Ce n'est pas le bug de l'an 2000, mais les administrateurs réseaux savaient qu'il allait venir un jour. Le "jour du 512K" est arrivé hier, avec la mise en défaut de routeurs qui ont croulé sous le nombre des routes déclarées dans la table BGP. Pour ces routeurs vieillissants, Internet est devenu trop gros.

Les autoroutes de l'information. L'expression née dans les années 1990 a disparu pour désigner Internet, mais c'est bien un ensemble de routes que les données doivent emprunter pour passer d'un équipement réseau à un autre. D'où les termes de "routes" et de "routeurs", et la constitution d'une cartographie dynamique du web, la table BGP, qui doit permettre aux réseaux de savoir quelles routes emprunter pour atteindre une adresse IP cible.

En principe, le routage peut être assuré de façon purement logicielle. En pratique, pour des raisons évidentes de rapidité, il est cependant géré par des routeurs qui ont des circuits électroniques spécialement conçus, avec une mémoire dédiée à la capacité limitée. Mais les ingénieurs savent depuis longtemps que de vieux routeurs (dont beaucoup de Cisco) encore très répandus dans les infrastructures sont configurés par défaut pour gérer 512 000 (ou "512K") entrées de préfixes au format IPv4 dans la table BGP, stockée dans une mémoire TCAM.

Or faute d'avoir migré suffisamment vite vers l'IPv6, les tables BGP ont passé mercredi la limite fatidique des 512K, provoquant sur ces vieux routeurs des mises en défaut qui ont créé ça et là des pannes d'adressage. Pour la petite histoire, c'est la déclaration de nouveaux préfixes par le FAI américain Verizon qui a provoqué la saturation, qui serait arrivée de toute façon très rapidement, comme le montre la croissance continue du nombre de routes déclarées dans les entrées BGP depuis la fin des années 1980 :

Certains FAI ont été plus touchés que les autres, non seulement parce qu'ils n'avaient pas mis à jour leurs routeurs pour éviter l'incident, mais aussi parce qu'ils complètent les tables BGP de leurs routeurs avec leurs propres routes internes, parfois plus nombreuses que la normale — notamment pour effectuer du filtrage par DPI.

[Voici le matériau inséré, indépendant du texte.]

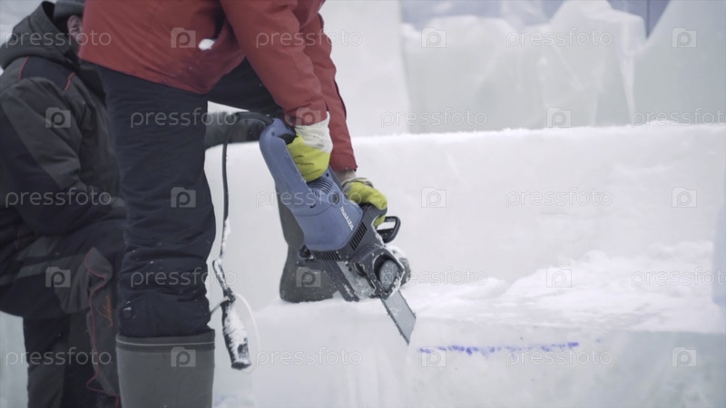 Мужчина использует бензопилу, чтобы вырезать лед в зимнюю сцену, а другие наслаждаются заснеженным катоком и готовятся к снежному ландшафту

Heureusement, les routeurs concernés peuvent être modifiés facilement par une ligne de commande, pour attribuer davantage de la mémoire TCAM à la gestion des préfixes IPv4, en mordant sur la mémoire réservée aux routes IPv6. Mais c'est une solution de court terme qui ne dispensera pas d'une mise à jour sérieuse des infrastructures.